Public broadcasting dealt setback in House Appropriations Committee

Cordelia Brown, operations manager at KANU, 91.5 FM radio, works her classical music programming shift at the Lawrence Kansas Public Radio studio in this 2005 file photo. A divided House Appropriations Committee on Thursday rejected 00,000 sought by public broadcasting.

? A divided House Appropriations Committee on Thursday rejected $800,000 sought by public broadcasting.

The motion to remove the funding request deadlocked 10-10 and then Appropriations Chairman Rep. Marc Rhoades, R-Newton, broke the tie and voted to kill the funds.

Gov. Sam Brownback’s budget proposal for the fiscal year that starts July 1 included $600,000 in state general funding for public broadcasting, which is a cut from current funding of approximately $2 million. A House budget subcommittee added $800,000 to Brownback’s proposal of $600,000, bringing the total to $1.4 million.

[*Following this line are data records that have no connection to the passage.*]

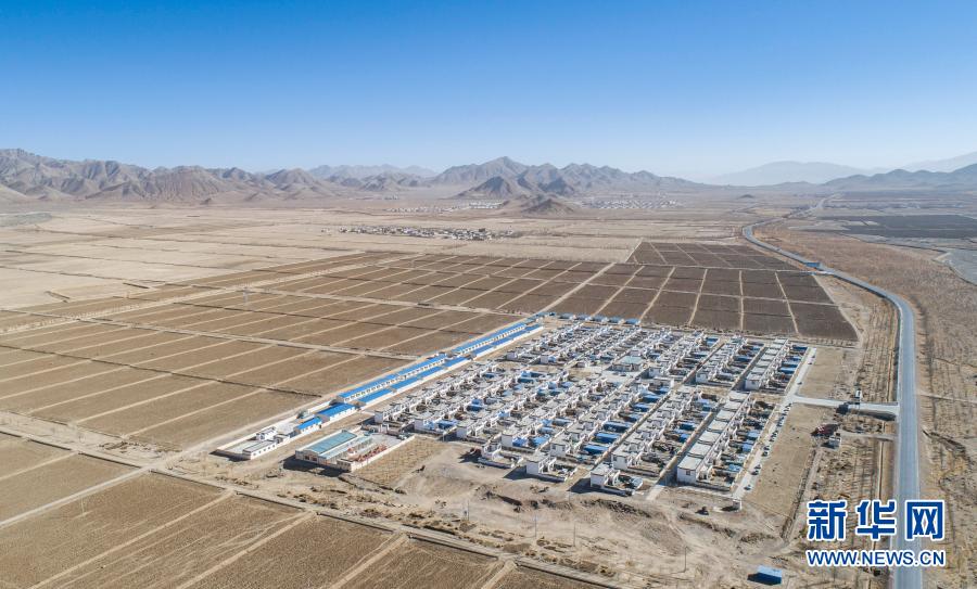 這是1月14日拍攝的西藏日喀則市薩迦縣扯休鄉(xiāng)嘎吉林村安置點(無人機照片)。新華社記者 孫非 攝
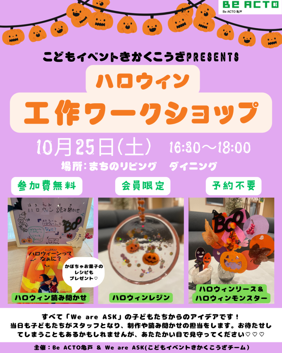 こどもイベントきかくこうざ「We are ASK」チームから、楽しいハロウィン工作ワークショップのおしらせです。
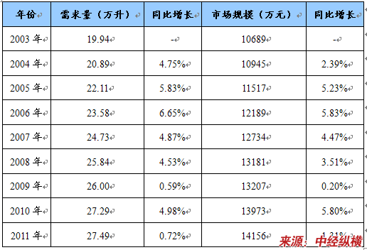 2003-2011年卡尔费休试剂需求量、市场规模及同比增长统计表
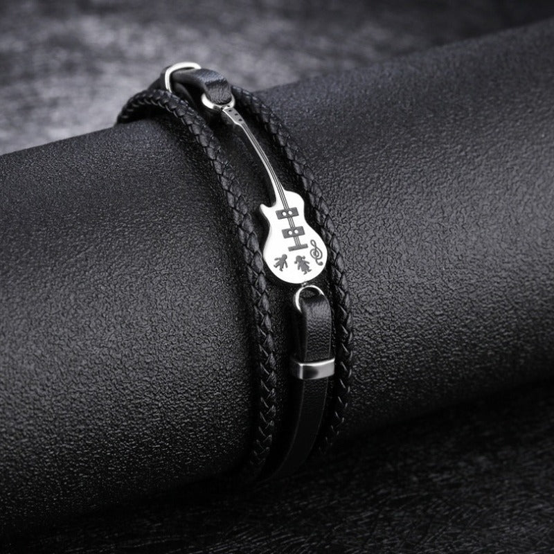 Enhance your style with this classic leather bracelet featuring a unique guitar design. Perfect for music lovers and fashion enthusiasts.
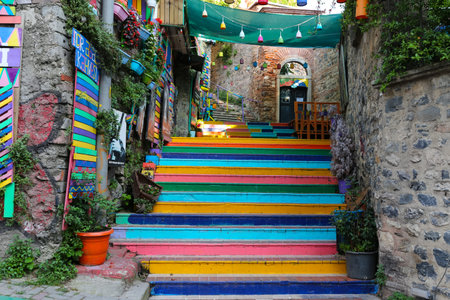 ISTANBUL, TURKEY - JULY 11, 2020: Street with Colorful Stairs in Fener District
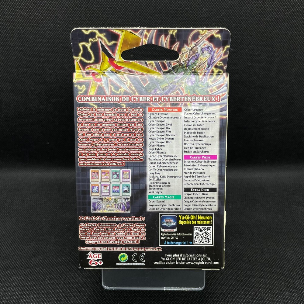 Deck de Structure Yu-Gi-Oh! - Assaut Cyber. 1st Ed FR Comprend 48 Cartes dont : 40 Communes 3 Super Rares et 5 Ultra Rares Un Tapis de Jeu de luxe et un Guide du Duel ! Idéal pour améliorer son deck et développer sa Stratégie ! Boîte de 8 Decks Scellés en Boutique. Conditions de Retour : L'objet doit être renvoyé dans les mêmes conditions qu'à l'aller. Nous n'accepterons pas les retours : - Si l'objet est retourné sans les protections initialement utilisées ou similaires. - Si l'objet est "entre ouvert, déchiré, abîmé par une manipulation "directe" (colis ouvert) Pour toute information, Contactez nous par le biais du site, ou par : - Insta : cuiretjean - TikTok : cuiretjeanygo
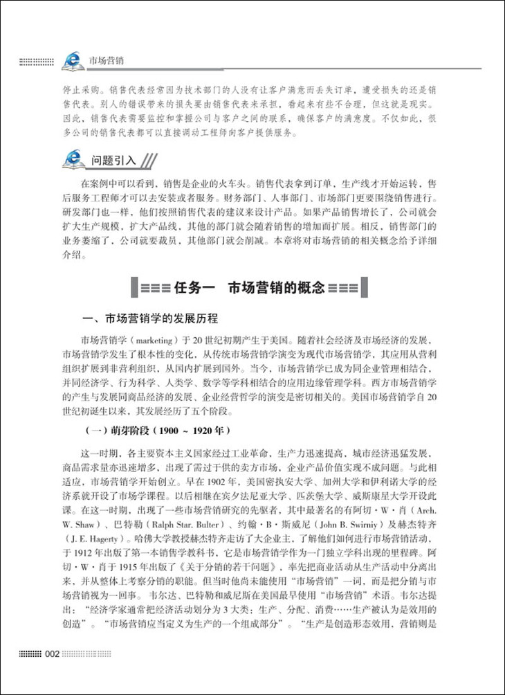 市场营销概论既是财经类专业教学的一门基础课程,又是电子商务专业中网络营销、市场营销策划、商务谈判等课程的先修课程,所以,本教材在编写时采用了大量的与电子商务相关的实例,以“理论讲透,实务足够,案例同步,实训到位”为原则,以“任务驱动,项目导向”教学模式为切入点,能够将理论与实践建立充分和密切的联系,通过实践场景让学生从中加深对相关理论的理解,最终让他们用理论解释实践,这是让学生吸收知识、培养能力的有效途径。
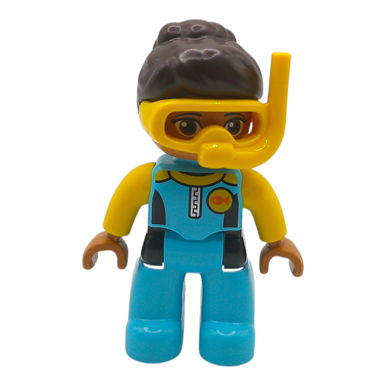 Taucherin in blauem Tauchanzug mit gelber Taucherbrille und Schnorchel
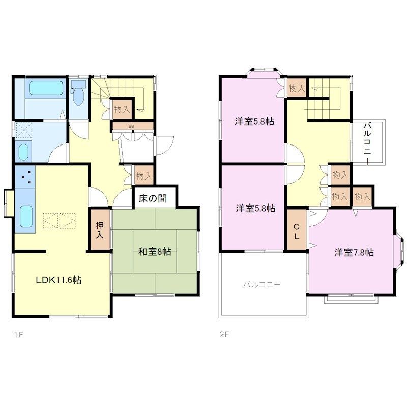 | 築年月 | 1980年4月 | 間取り | 4LDK( LDK11.6畳(1階)/和室8畳(1階)/洋室5.8畳(2階)/洋室5.8畳(2階)/和室7.8畳(2階) ) | 専有面積 | 108.54m2 |

But the full Appropriations Committee action removed that $800,000, bringing the funding level back to Brownback’s original $600,000.

“It doesn’t say government radio, it says public radio and I think it’s time the government get out of public radio,” said state Rep. Pete DeGraaf, R-Mulvane.

State Rep. Anthony Brown, R-Eudora, said voting against the funding was one of the tough decisions legislators had to make to be “real fiscal conservatives.”

State Rep. Peggy Mast, R-Emporia, said with all the funding needs on the state and national level, legislators needed to re-prioritize.

But several western Kansas legislators said that their constituents depended on public radio and public television. And other legislators said that public television, with its emphasis on early learning and children’s programming, was a service to the state.